In the entertainment industry, everyone is mostly thinking about themselves. I don't blame them, the competition is too fierce. Everyone is always trying to be in the headlines, and they are ready to fight for it. They simply don't have the time to wait, look around, and do something nice. Everyone is always struggling in the entertainment industry... one way or another.

Naina felt so difficult, like a breath of fresh air. I feel drawn towards her for reasons I am unable to fathom. I wanna talk to her, sit beside her, try to glance at her soul through her words. But after that incident in the hospital, I have been unable to find any alone time with her. Urgh, it's frustrating!!!!!

I kept pacing up and down the room for almost an hour, I really wanted to talk to Naina. I wanted to tell her that we shouldn't let people dictate if they can eat alone in a room Or not. I wanted to tell her that we can be friends, no, we SHOULD be friends. Why not? I am so cute! I will be a nice friend.

But I know what she will say, and I know that maybe she isn't wrong entirely. People will create rumours and this will make life tough for both of us. Yet, I genuinely want to talk to her, just once, no not once, twice... Urgh that's too less, I don't know how many times, but I do know that I have to talk to her.

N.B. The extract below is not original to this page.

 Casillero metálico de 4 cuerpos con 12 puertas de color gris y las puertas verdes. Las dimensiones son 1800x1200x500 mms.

Should I call her? No. That's a bad idea.
I should visit her room.. but what if she minds, it is past 9 pm.

Urgh this is frustrating, I have never thought so much before talking to anyone in my life!

In order to put my mind at ease, I decided to grab a smoke. I need to smoke, and not inside this suffocating hotel room, I need to smoke outside.

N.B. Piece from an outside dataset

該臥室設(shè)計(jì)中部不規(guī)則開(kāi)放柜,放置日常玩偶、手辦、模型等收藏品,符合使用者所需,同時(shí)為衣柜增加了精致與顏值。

I grabbed my cap and cigarettes and went outside the hotel. It was pretty late and the night was dark, if I stand in a corner and smoke, no one will notice me.

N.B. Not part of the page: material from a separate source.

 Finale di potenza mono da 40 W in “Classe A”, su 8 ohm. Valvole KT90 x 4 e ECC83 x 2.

The moment that cigarette hit my lips and I puffed out my first smoke I felt much better...
God knows what that Naina has been doing to my head, but this cigarette is definitely helping to calm me down.

Suddenly, I noticed a girl standing opposite to me, looking straight at me. Shit! She must have recognised me. What if she tells someone that I smoke, it isn't going to be good for my reputation. I know that I can't be called a bad person for smoking but still I have so many fans who are young boys and girls and I don't wanna influence them towards a bad habit!

I quickly threw the cigarette and decided to go back to the hotel.

However, contrary to the expectations, that girl kept walking in my direction. Oh God, she has definitely recognised me... Now what? If I run now, it will look so weird, as if I was doing something shady outside a hotel!

As the girl kept walking towards my direction,  the hotel's neon sign threw light in her face. I realised that I know her! This is Naina! But what is she doing outside the hotel so late?

"Naina?" I said, still surprised.

"You smoke, Aakash?", she said and looked at me with a disgusted expression!

" Umm.. Yeah, occasionally, but it's not a habit I promise." I assured her.
Listening to my last statement Naina realise that she has made it pretty apparent that she didn't like what I was doing a while ago. She quickly fixed her expressions and looked at me emotionless.